Oct. 28, 2010GIANTS PAGE GIANTS VIDEOMLB POSTSEASON
SAN FRANCISCO (AP) -- Edgar Renteria delivered another big World Series hit that could provide a fitting bookend to his career.
Renteria broke up a scoreless game with a solo homer off C.J. Wilson in the fifth inning and added a two-run single in the eighth Thursday night to help the Giants beat the Texas Rangers 9-0 in Game 2 to take a 2-0 lead in the World Series.
"He knows that he's almost at the end of his career and he wanted to be in the playoffs," hitting coach Hensley Meulens said. "Once we got here, he wanted to go to the big dance one more time. There's no bigger time that we needed him and he's getting big hits."
Renteria's most famous moment came as a 22-year-old with Florida in 1997, when he hit a game-ending single off Charles Nagy with two outs in the 11th inning of Game 7 to give the Marlins a 3-2 win over Cleveland and their first World Series title.
"Everything happened to me great in that game, the hit in '97," Renteria said. "Today I was happy. I was proud and I know my family's proud, too."
Renteria ended another World Series in less celebratory fashion, hitting a comebacker for the final out in Boston's World Series sweep of St. Louis in 2004 that gave the Red Sox their first title since 1918.
With Renteria mulling retirement at the end of the season, he did his best to help another franchise move a step closer to ending a long championship drought. The Giants have not won the World Series since moving to San Francisco for the 1958 season.
They need to win two more games to get that elusive title. With the next three games in Texas, the Giants could return home as champions.
"He kept telling us we needed him all the way to the end. He wasn't lying," Meulens said. "As a professional and a 15-year veteran in this game, he's showing what he's all about. He's all about business, he's all about playing in big games. He's done it before. As a rookie in Florida he got a big hit for them to win. He was in the World Series with the Cardinals and obviously today with that big home run to put us on the board."
Renteria was an unlikely contributor, considering he started the playoffs on the bench after another rough regular season fill with injuries and lack of production.
But he worked his way back into the lineup and made his biggest contribution with San Francisco on the game's biggest stage.
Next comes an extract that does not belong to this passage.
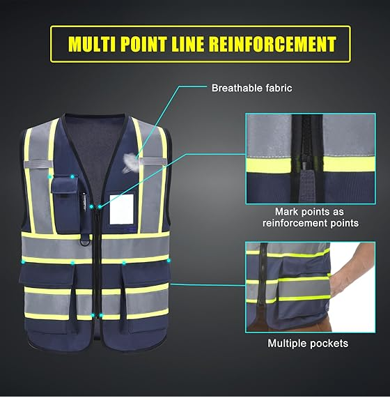 11 color High Vis Reflective Safety Vest for Women Men Security Pocket Zipper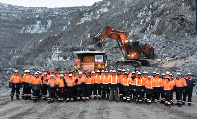Ковдорский ГОК достиг нового производственного рубежа. В карьере магнетит-апатитовых руд горняки добыли 800-миллионную тонну руды с момента начала разработки месторождения. Знаковое событие отмечено торжественным митингом непосредственно в рабочем забое. Этот показатель – результат труда нескольких поколений горняков, отражающий более чем 60-летнюю историю предприятия. В мероприятии приняли участие руководство и работники комбината. С приветственным словом к коллективу обратился исполняющий обязанности генерального директора Ковдорского ГОКа Петр Михайлович Михайлов.

With Wilson and Matt Cain locked in a scoreless duel, Renteria stepped to the plate with one out in the bottom of the fifth.
Wilson left an 0-1 pitch up in the zone and Renteria made him pay for the mistake by driving it into the left-field seats. Renteria had gone 53 straight at-bats without a home run since connecting off the Los Angeles Dodgers' Ted Lilly on Sept. 4 and had not homered at AT&T Park since July 27 against Florida's Brian Sanches.
"Unbelievable. You guys know I have power," he joked. "He just threw me a fastball in and I just put a good swing on the ball."
Renteria wasn't done, hitting a two-run single in a seven-run eighth that extended the lead to 6-0.
Renteria has mostly been a disappointment since signing an 18.5 million, two-year deal with the Giants before last season. He hit just .250 last season and then was limited to 72 games this year because of three stints on the disabled list with a groin, hamstring and biceps injury.
He batted .276 with three homers and 22 RBIs and was somewhat of a forgotten man at the start of the postseason. He did not start in the first five games before getting a chance because of a wrist injury to Juan Uribe and the struggles from Pablo Sandoval.
He singled and scored the Giants first run in a Game 3 win over Philadelphia in the NL championship series, and added a hit and two runs scored in the World Series opener.
Meulens said managing partner Bill Neukom has repeatedly approached Renteria to keep him on track which Meulens believes lifted Renteria's spirits.
"Mr. Neukom tells him, 'We're not done with you,'" Meulens said. "Mr. Neukom is a big fan or Edgar and every day he tells him."
Renteria has a lot more fans in San Francisco now.